(DATA PROVIDED begins)
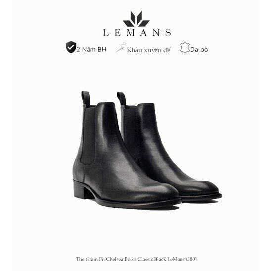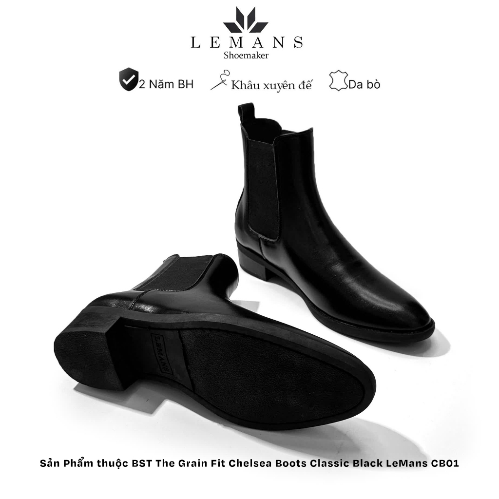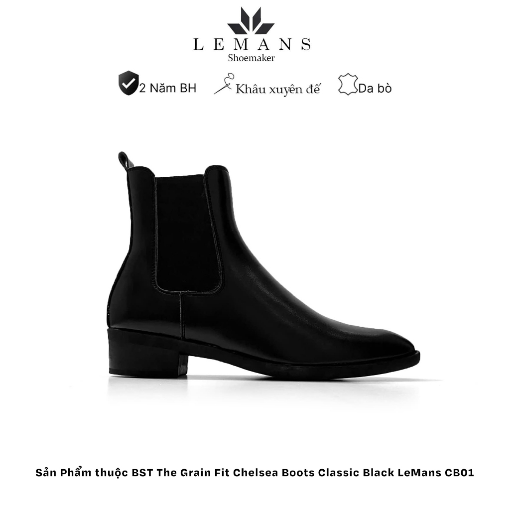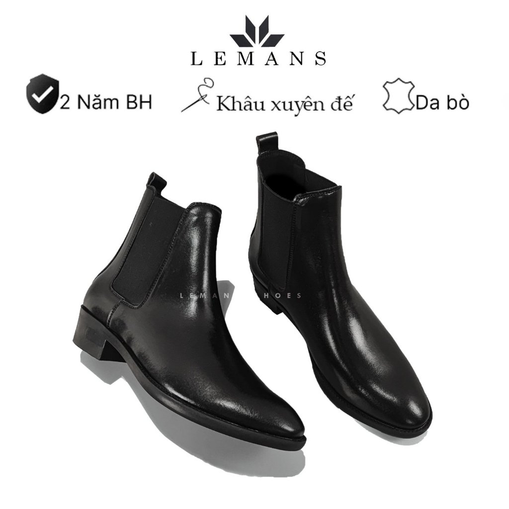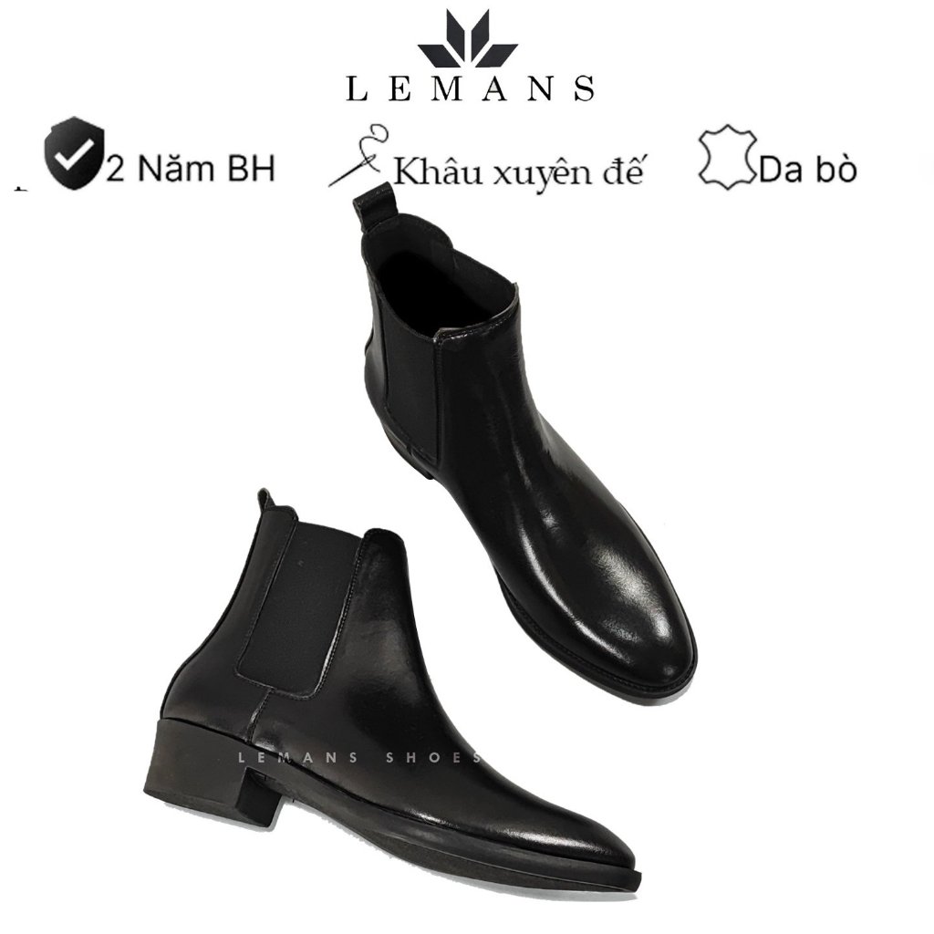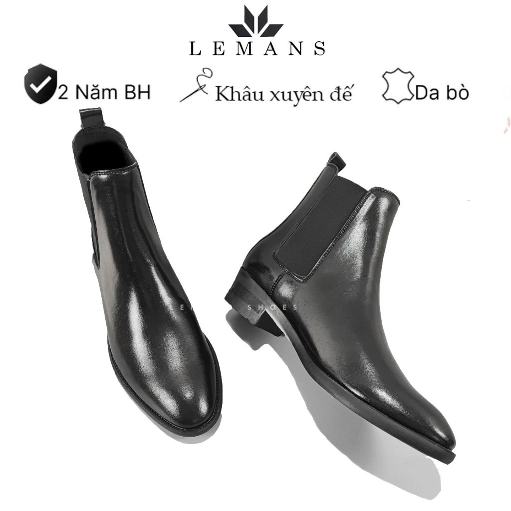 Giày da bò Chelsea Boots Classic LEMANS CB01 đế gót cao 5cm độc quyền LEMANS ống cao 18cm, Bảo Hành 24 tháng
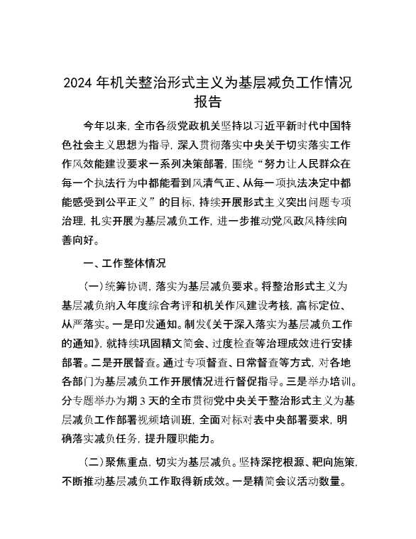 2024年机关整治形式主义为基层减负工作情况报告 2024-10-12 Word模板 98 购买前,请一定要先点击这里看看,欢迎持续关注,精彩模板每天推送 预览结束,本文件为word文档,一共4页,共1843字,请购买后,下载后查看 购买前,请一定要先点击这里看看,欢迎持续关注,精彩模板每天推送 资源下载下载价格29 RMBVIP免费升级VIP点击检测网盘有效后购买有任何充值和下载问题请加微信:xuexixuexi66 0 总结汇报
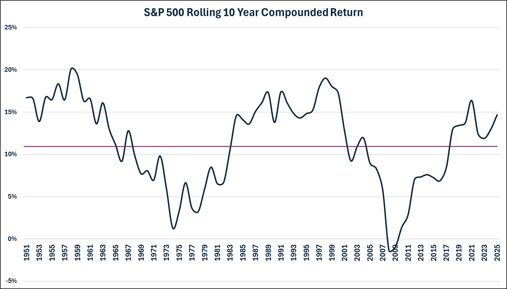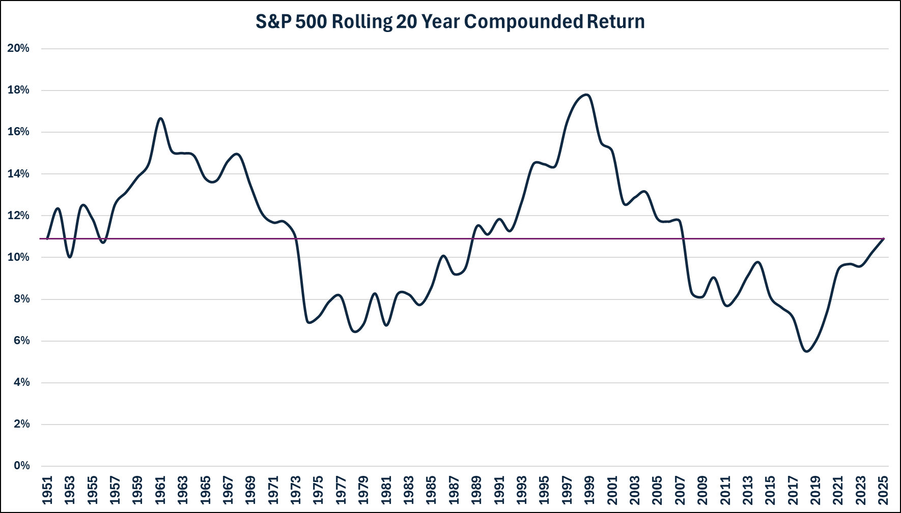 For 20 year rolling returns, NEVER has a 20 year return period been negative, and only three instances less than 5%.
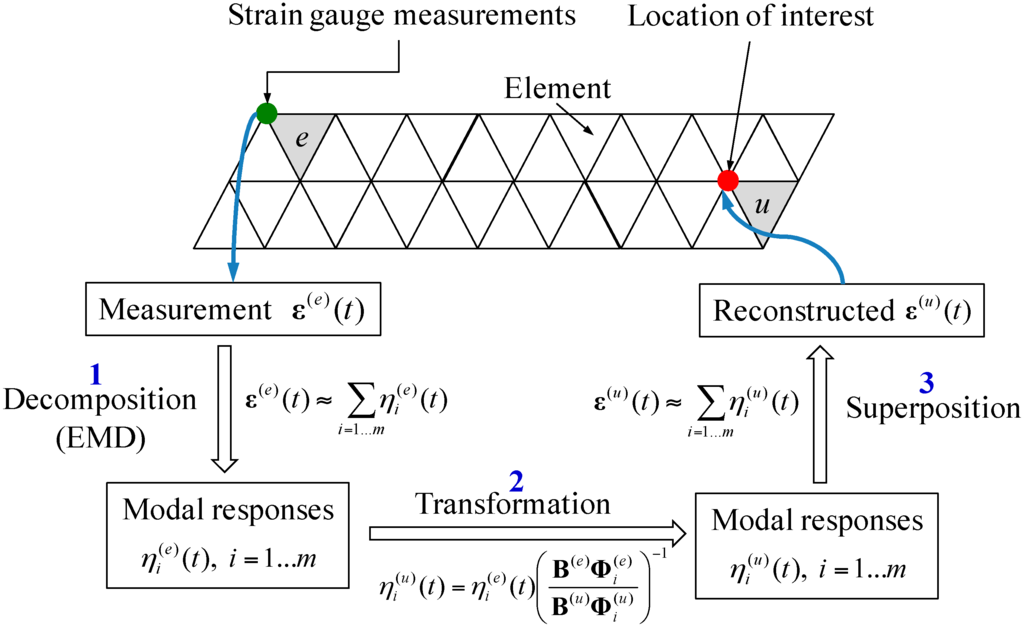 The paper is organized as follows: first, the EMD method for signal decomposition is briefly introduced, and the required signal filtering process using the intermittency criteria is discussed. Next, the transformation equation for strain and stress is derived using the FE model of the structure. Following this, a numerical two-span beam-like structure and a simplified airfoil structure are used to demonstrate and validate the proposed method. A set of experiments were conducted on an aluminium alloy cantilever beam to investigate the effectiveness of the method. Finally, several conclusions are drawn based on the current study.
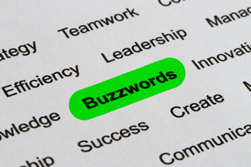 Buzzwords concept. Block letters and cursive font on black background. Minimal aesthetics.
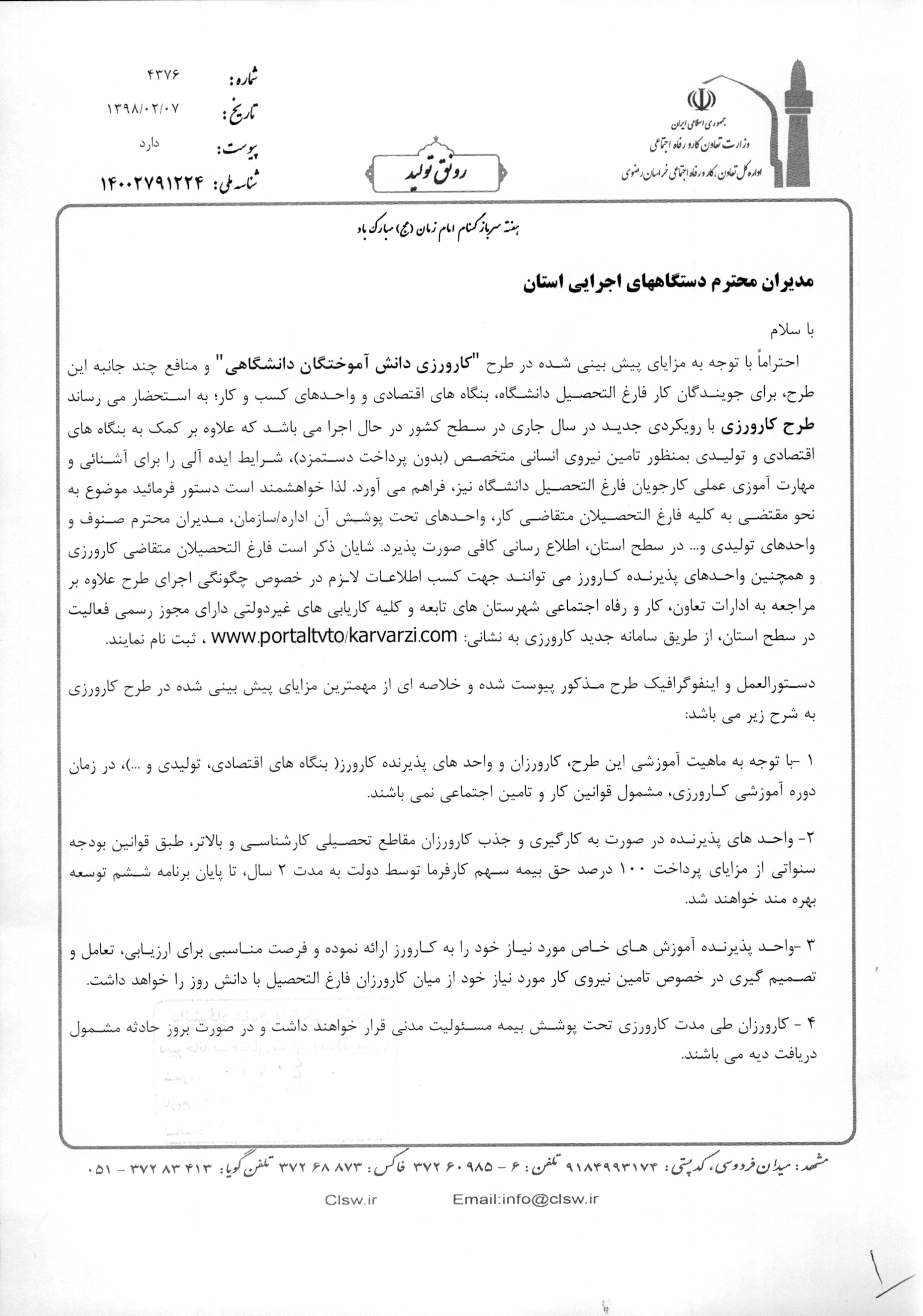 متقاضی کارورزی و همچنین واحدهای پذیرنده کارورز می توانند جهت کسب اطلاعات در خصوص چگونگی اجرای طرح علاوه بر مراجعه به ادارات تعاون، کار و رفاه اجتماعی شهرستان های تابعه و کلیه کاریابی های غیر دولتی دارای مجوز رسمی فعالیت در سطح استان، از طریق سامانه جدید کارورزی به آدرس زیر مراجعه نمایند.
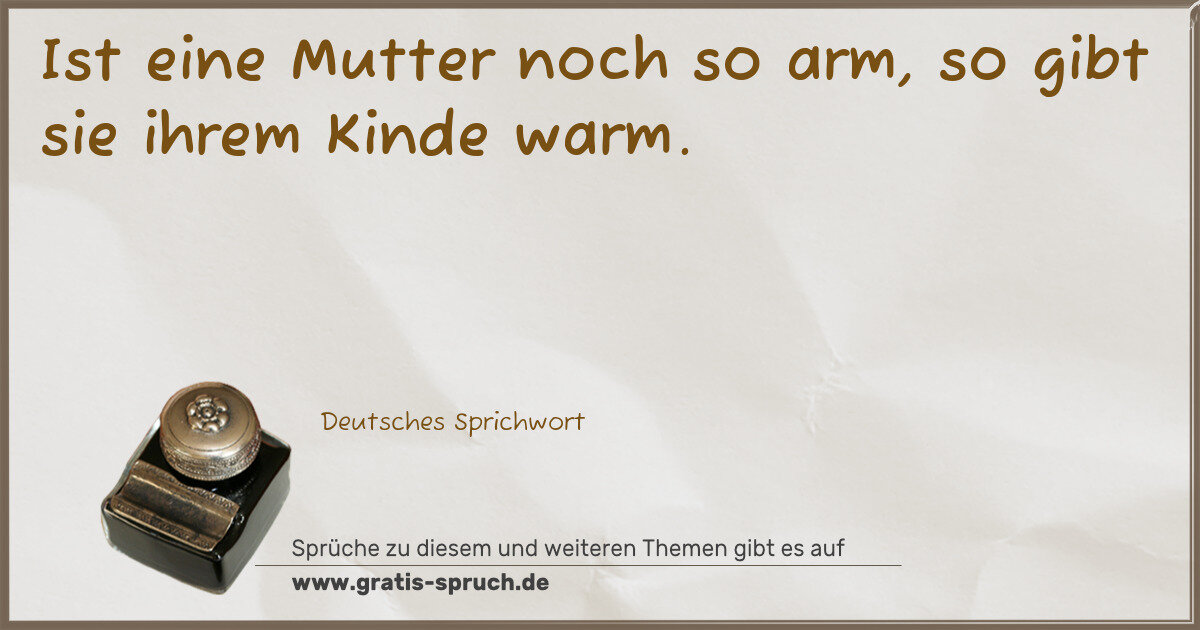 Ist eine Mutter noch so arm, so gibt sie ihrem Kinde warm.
(DATA PROVIDED ends)
Print the material above word for word, first line through the line with "For 20 year", and leave every picture out.

 Giày da bò Chelsea Boots Classic LEMANS CB01 đế gót cao 5cm độc quyền LEMANS ống cao 18cm, Bảo Hành 24 tháng
 2024年机关整治形式主义为基层减负工作情况报告 2024-10-12 Word模板 98 购买前,请一定要先点击这里看看,欢迎持续关注,精彩模板每天推送 预览结束,本文件为word文档,一共4页,共1843字,请购买后,下载后查看 购买前,请一定要先点击这里看看,欢迎持续关注,精彩模板每天推送 资源下载下载价格29 RMBVIP免费升级VIP点击检测网盘有效后购买有任何充值和下载问题请加微信:xuexixuexi66 0 总结汇报
 For 20 year rolling returns, NEVER has a 20 year return period been negative, and only three instances less than 5%.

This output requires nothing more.